Here we are going to show you the easy methods to list active repositories.
It will helps you to know what are the repositories enabled on your system.
Once you have this information in handy then you can add any repositories that you want if its not already enabled.
Say for example, if you would like to enable `epel repository` then you need to check whether the epel repository is enabled or not. In this case this tutorial would help you.
### What Is Repository?
A software repository is a central place which stores the software packages for the particular application.
All the Linux distributions are maintaining their own repositories and they allow users to retrieve and install packages on their machine.
Each vendor offered a unique package management tool to manage their repositories such as search, install, update, upgrade, remove, etc.
Most of the Linux distributions comes as freeware except RHEL and SUSE. To access their repositories you need to buy a subscriptions.
**Suggested Read :**
**(#)** [How To Add, Enable And Disable A Repository By Using The DNF/YUM Config Manager Command On Linux][1]
**(#)** [How To List Installed Packages By Size (Largest) On Linux][2]
**(#)** [How To View/List The Available Packages Updates In Linux][3]
**(#)** [How To View A Particular Package Installed/Updated/Upgraded/Removed/Erased Date On Linux][4]
**(#)** [How To View Detailed Information About A Package In Linux][5]
**(#)** [How To Search If A Package Is Available On Your Linux Distribution Or Not][6]
**(#)** [How To List An Available Package Groups In Linux][7]
**(#)** [Newbies corner A Graphical frontend tool for Linux Package Manager][8]
**(#)** [Linux Expert should knows, list of Command line Package Manager & Usage][9]
### How To List The Enabled Repositories on RHEL/CentOS
RHEL & CentOS systems are using RPM packages hence we can use the `Yum Package Manager` to get this information.
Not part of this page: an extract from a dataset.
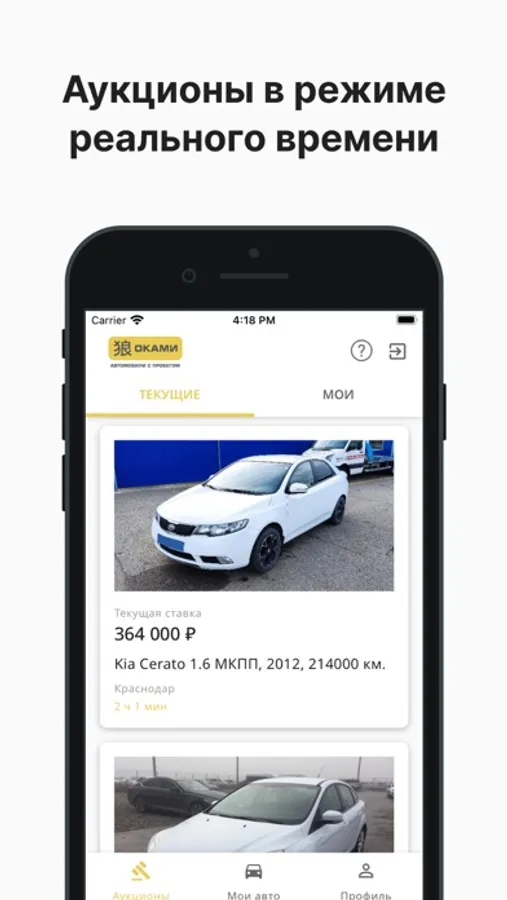 Приложение по продаже на аукционе автомобилей от компании Оками
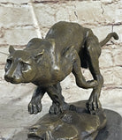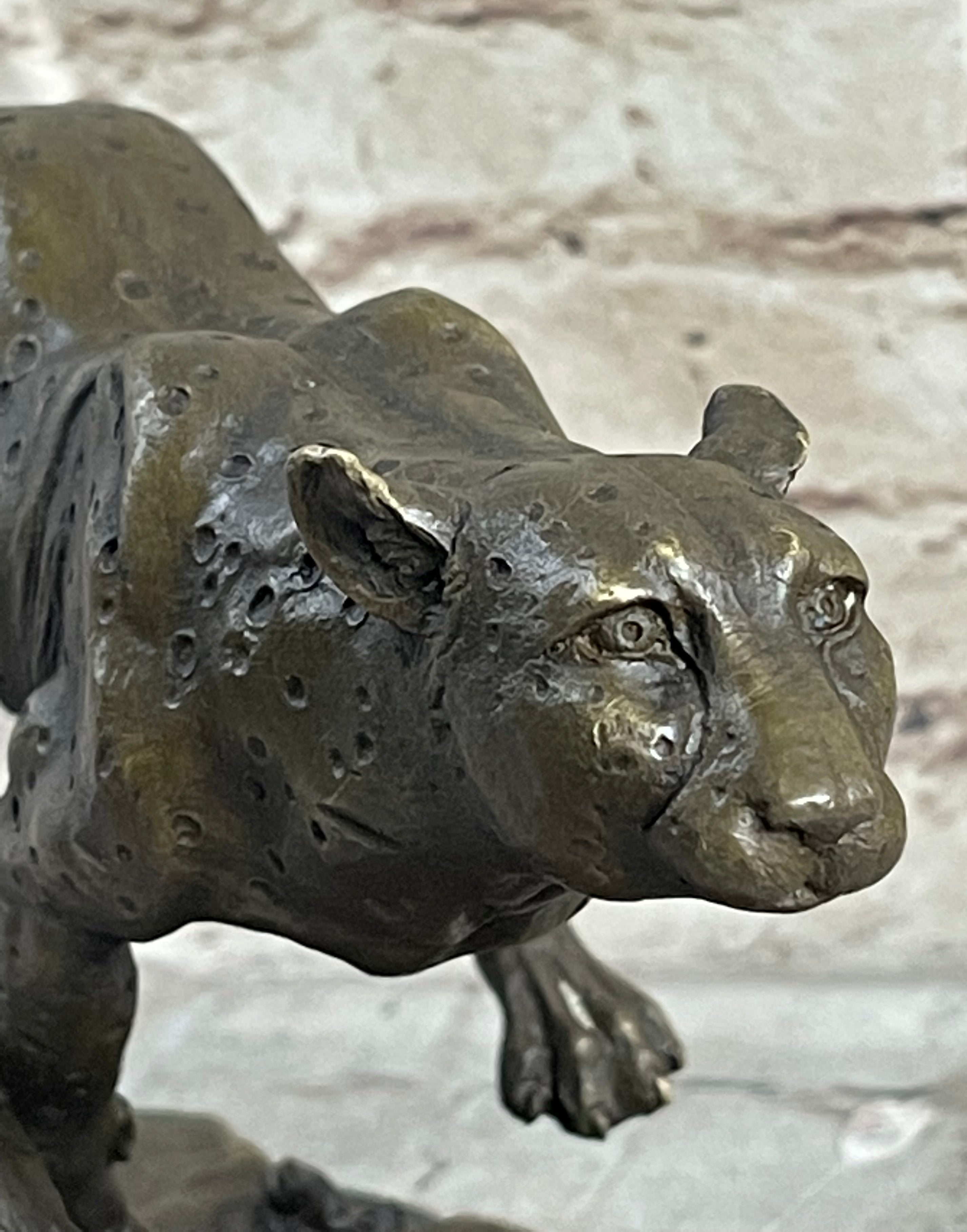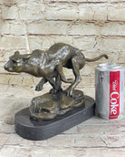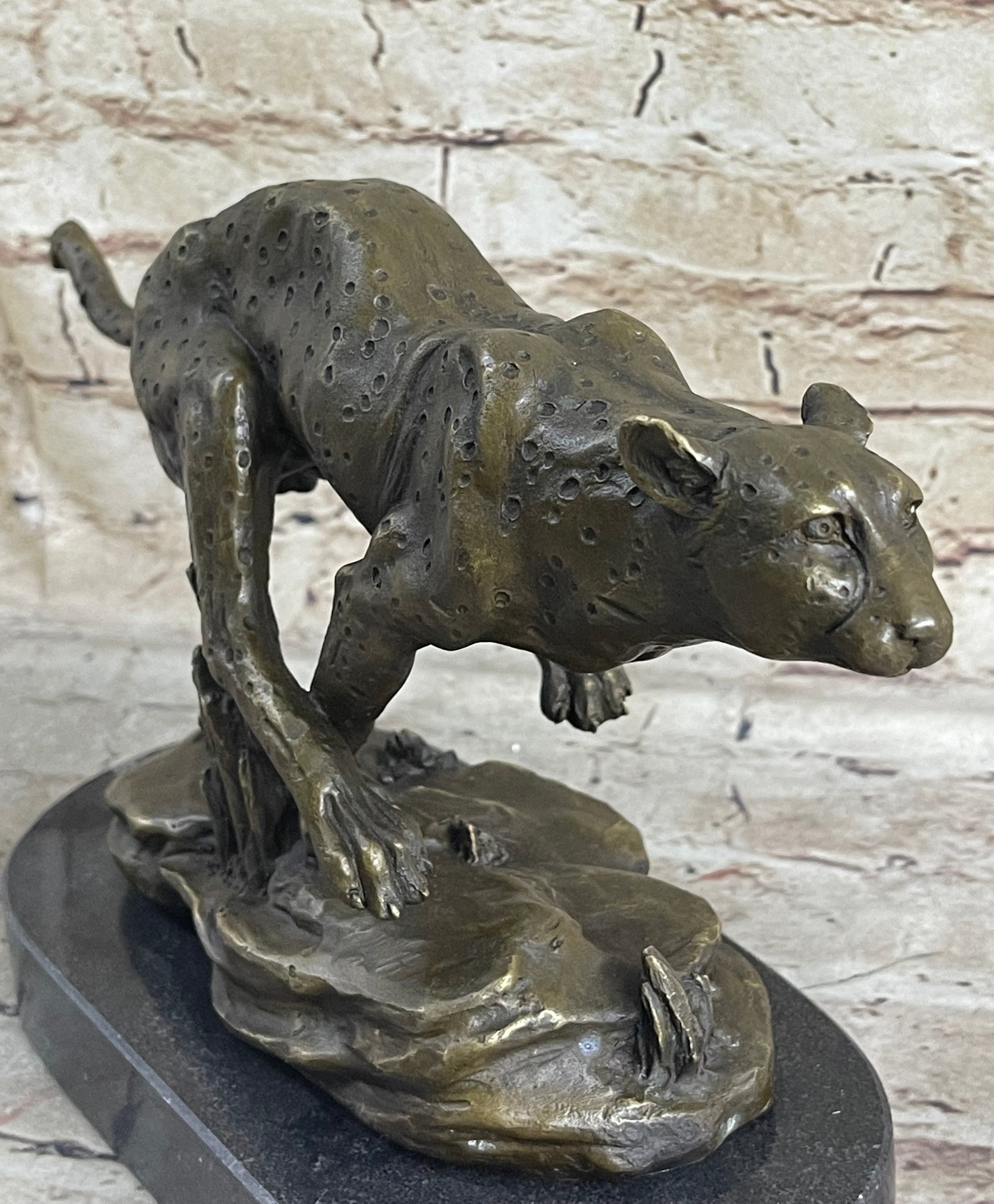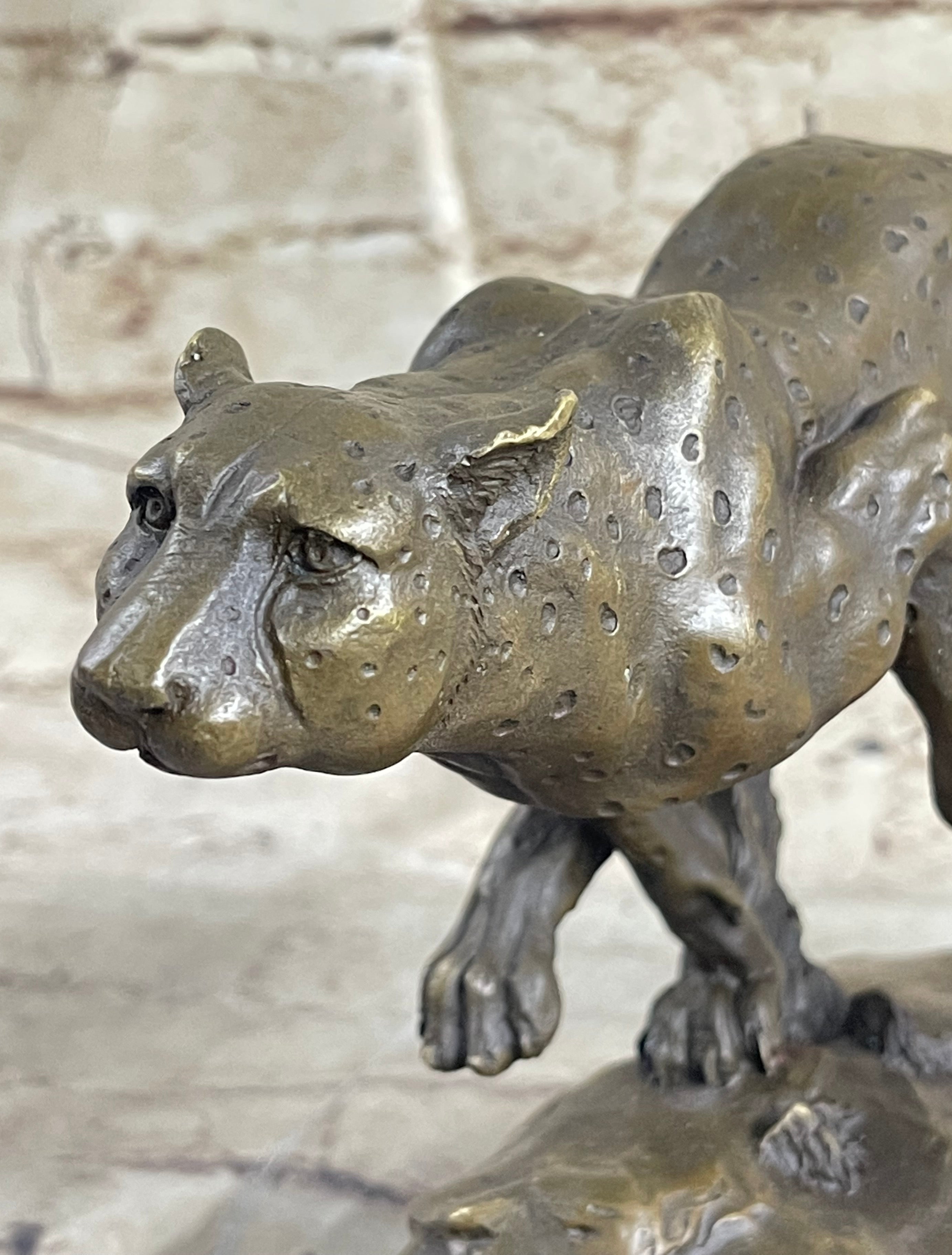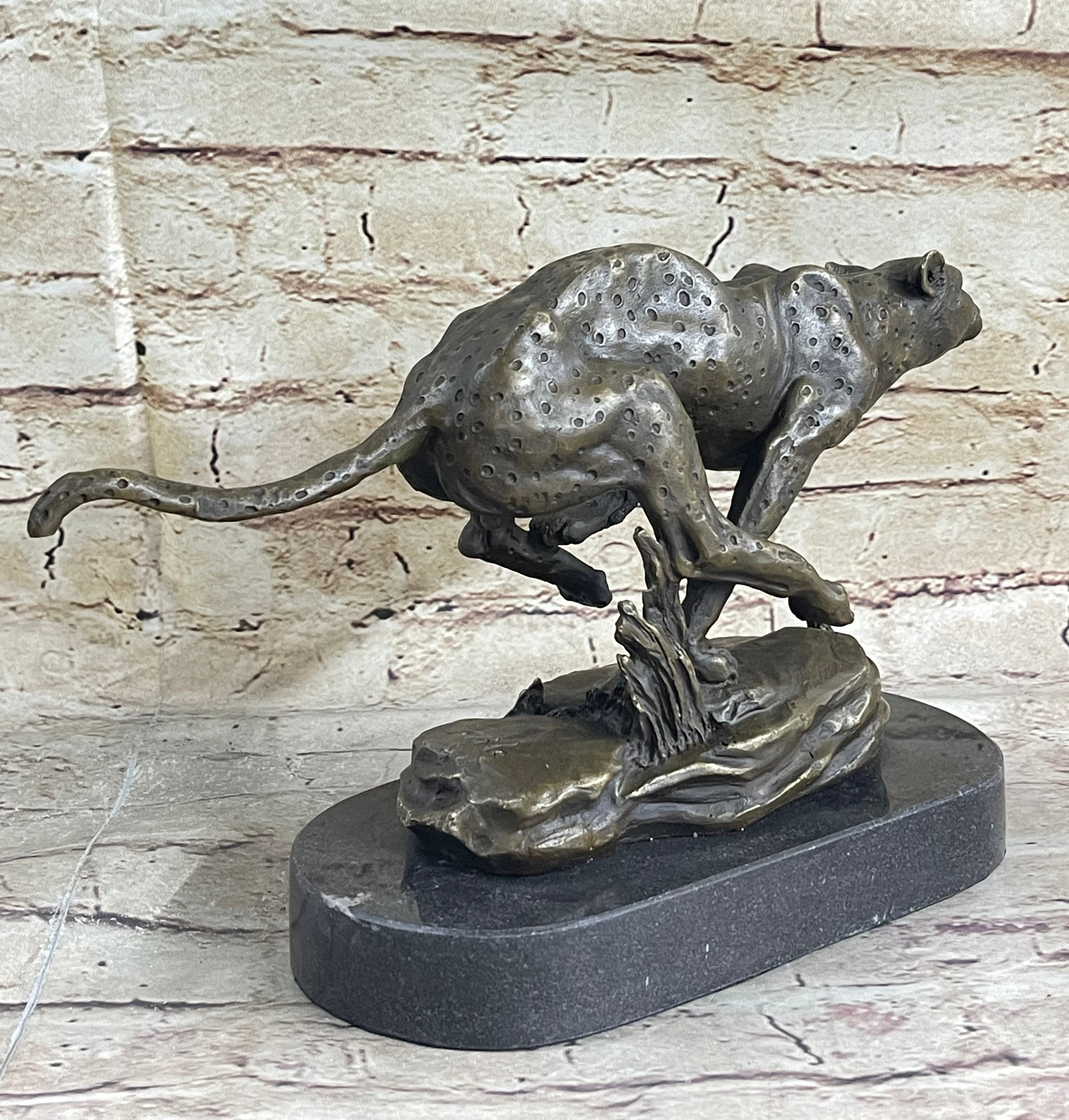 Running Cheetah Bronze Statue Sculpture Figure Marble Base Signed Milo

YUM stands for Yellowdog Updater, Modified is an open-source command-line front-end package-management utility for RPM based systems such as Red Hat Enterprise Linux (RHEL) and CentOS.
Yum is the primary tool for getting, installing, deleting, querying, and managing RPM packages from distribution repositories, as well as other third-party repositories.
**Suggested Read :** [YUM Command To Manage Packages on RHEL/CentOS Systems][10]
RHEL based systems are mainly offering the below three major repositories. These repository will be enabled by default.
* **`base:`** Its containing all the core packages and base packages.
* **`extras:`** It provides additional functionality to CentOS without breaking upstream compatibility or updating base components. It is an upstream repository, as well as additional CentOS packages.
* **`updates:`** Its offering bug fixed packages, Security packages and Enhancement packages.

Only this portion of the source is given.